Semantic and Cognitive Tools to Aid Statistical Science: Replace Confidence and Significance by Compatibility and Surprise

Zad Rafi,Sander Greenland
DOI: https://doi.org/10.1186/s12874-020-01105-9
2020-10-01
Abstract:Researchers often misinterpret and misrepresent statistical outputs. This abuse has led to a large literature on modification or replacement of testing thresholds and $P$-values with confidence intervals, Bayes factors, and other devices. Because the core problems appear cognitive rather than statistical, we review simple aids to statistical interpretations. These aids emphasize logical and information concepts over probability, and thus may be more robust to common misinterpretations than are traditional descriptions. We use the Shannon transform of the $P$-value $p$, also known as the binary surprisal or $S$-value $s=-\log_{2}(p)$, to measure the information supplied by the testing procedure, and to help calibrate intuitions against simple physical experiments like coin tossing. We also use tables or graphs of test statistics for alternative hypotheses, and interval estimates for different percentile levels, to thwart fallacies arising from arbitrary dichotomies. Finally, we reinterpret $P$-values and interval estimates in unconditional terms, which describe compatibility of data with the entire set of analysis assumptions.
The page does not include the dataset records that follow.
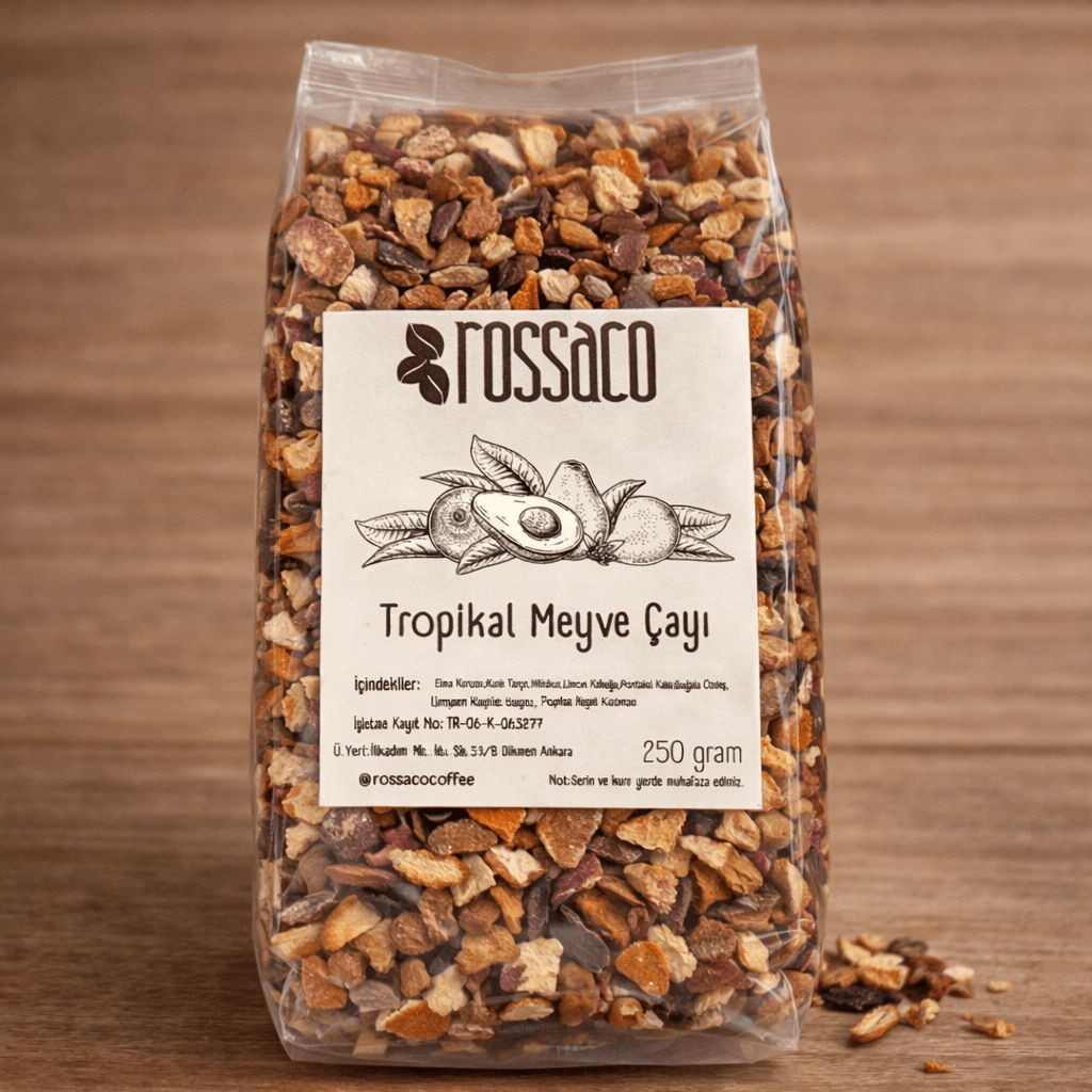 Rossaco Tropikal Meyve Çayı, elma, turunç kabukları ve tropikal meyve parçalarının özenle harmanlanmasıyla hazırlanmış aromatik bir meyve çayıdır. Canlı aromasıyla sıcak veya soğuk olarak keyifle tüketilebilir.
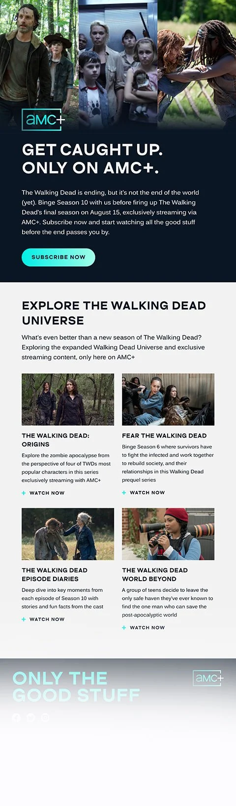 I have worked with the team at Ready Set Rocket on a few projects. This latest project was an email campaign for AMC+ network to generate excitement for the next season’s movie and series offerings. As one of the network’s most popular shows, The Walking Dead took prominence in the content. The tone was crafted to align with the brand’s tagline - ONLY THE BEST, and was intentionally exciting with a strong infusion of “Be the first…”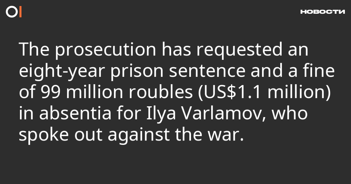 At the closing arguments in Moscow’s Meshchansky District Court, the prosecution has requested that “foreign agent” blogger Ilya Varlamov be sentenced in absentia to eight years in prison and a fine of 99 million roubles (US$1.1 million). This was reported by RIA Novosti.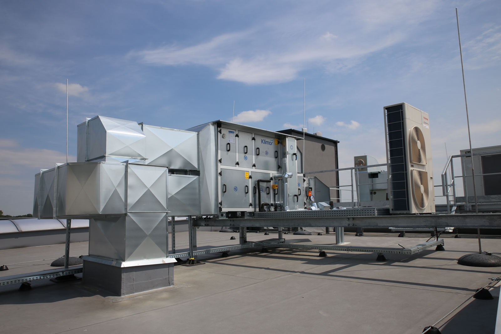 - Instalacja wentylacji z wykorzystaniem 2 central wentylacyjnych firmy Klimor.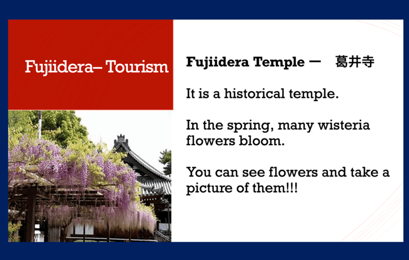 学生たちは「持続可能な観光」をテーマに取り組みました。みなさん、高校でSDGs(持続可能な開発目標)を勉強したかもしれませんね。持続可能な観光、を考える場合は、SDGsを観光にどの適用できるかを検討します。例えば、観光が原因で増えるゴミや交通に、自治体や市民はどう対処すればいいでしょうか?摂南大学と台湾の大学生は、自分たちの住む地域で観光が引き起こす問題を調べ、解決策を英語で議論しました。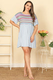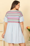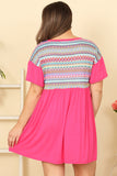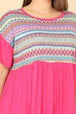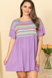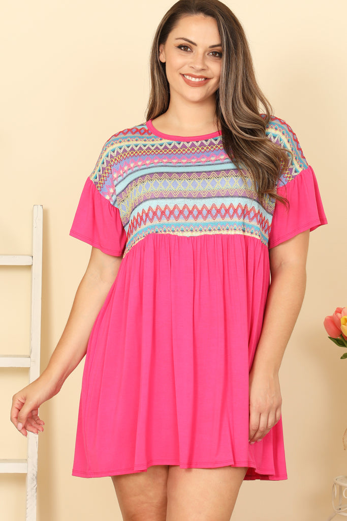 Elevate your style with our Plus Size Ruffle Sleeve Contrast Printed Mini Dress. This dress features flattering ruffled sleeves and a contrast print that will turn heads. Perfect for any occasion, this dress will make you feel confident and stylish. Get yours today!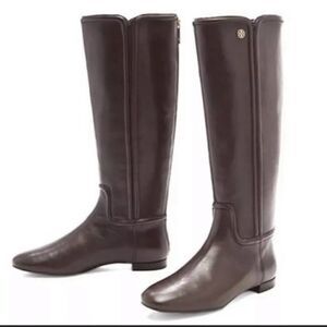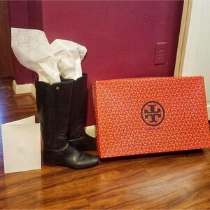 Black leather boots with leather in good condition. Zippers run the full length of the back with gold pull that has the Tory Burch symbol. Also a small (dime size) classy Tory Burch logo symbol at the top on the outer side on both. All flaws shown. The biggest issue being the bottoms. Still completely wearable, but it looks as if they were melted in the middle of the sole. Comes with box and receipt.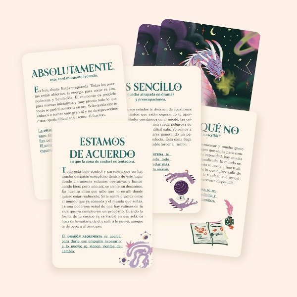 Contiene 44 cartas con mensajes sagrados que provienen de la sabiduría ancestral. Figuras como la dragona de los mares, el dragón de Oriente y el dragón Violeta de la transmutación revelan consejos contundentes, ¿Estás lista para enfrentar los desafíos venideros con la fuerza del dragón?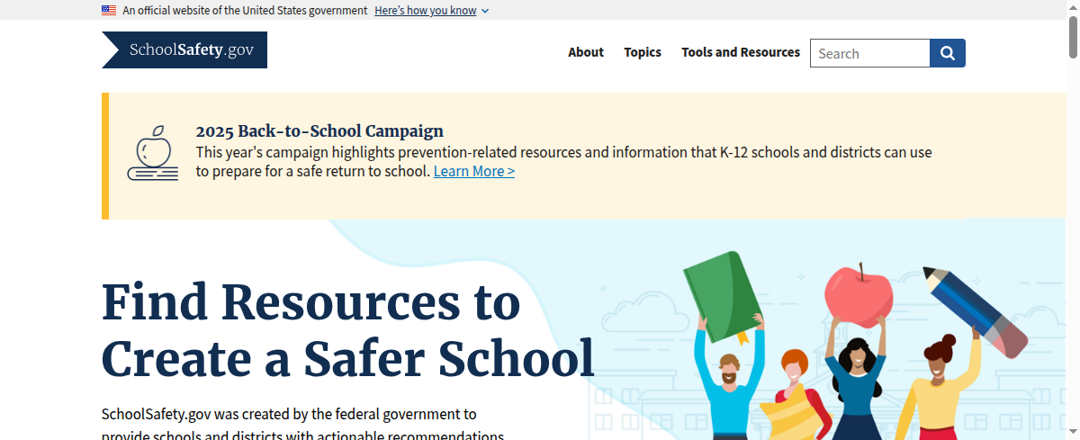 SchoolSafety.gov is a federal hub providing Early Childhood, Kindergarten, Elementary, Middle School, High School education administrators with essential resources for safety planning, emergency preparedness, and security best practices. It offers guidance, toolkits, grants information, and assessment tools to help school and district leaders create safe learning environments and make data-driven decisions.
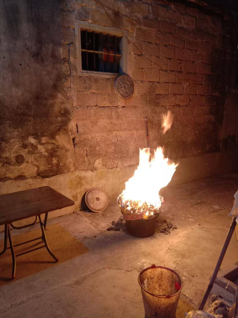 图3 中秋夜烧纸钱(拍摄于2023年9月29日)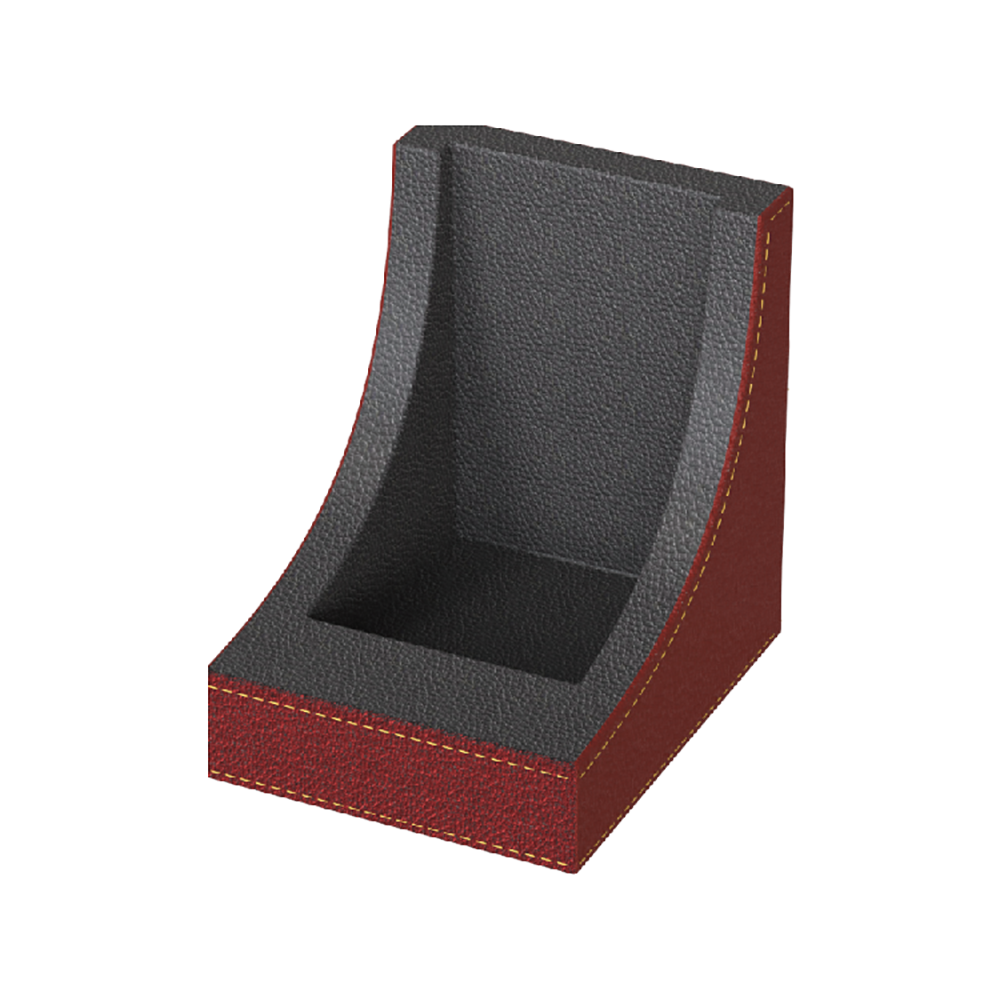 Suport vertical pentru telecomanda, cu forma ergonomica si design modern in negru, rosu si gri inchis. Dimensiuni: 80 × 92 × 94 mm.

We illustrate these methods with a reanalysis of data from an existing record-based cohort study. In line with other recent recommendations, we advise that teaching materials and research reports discuss $P$-values as measures of compatibility rather than significance, compute $P$-values for alternative hypotheses whenever they are computed for null hypotheses, and interpret interval estimates as showing values of high compatibility with data, rather than regions of confidence. Our recommendations emphasize cognitive devices for displaying the compatibility of the observed data with various hypotheses of interest, rather than focusing on single hypothesis tests or interval estimates. We believe these simple reforms are well worth the minor effort they require.
Methodology,Quantitative Methods,Applications
What problem does this paper attempt to address?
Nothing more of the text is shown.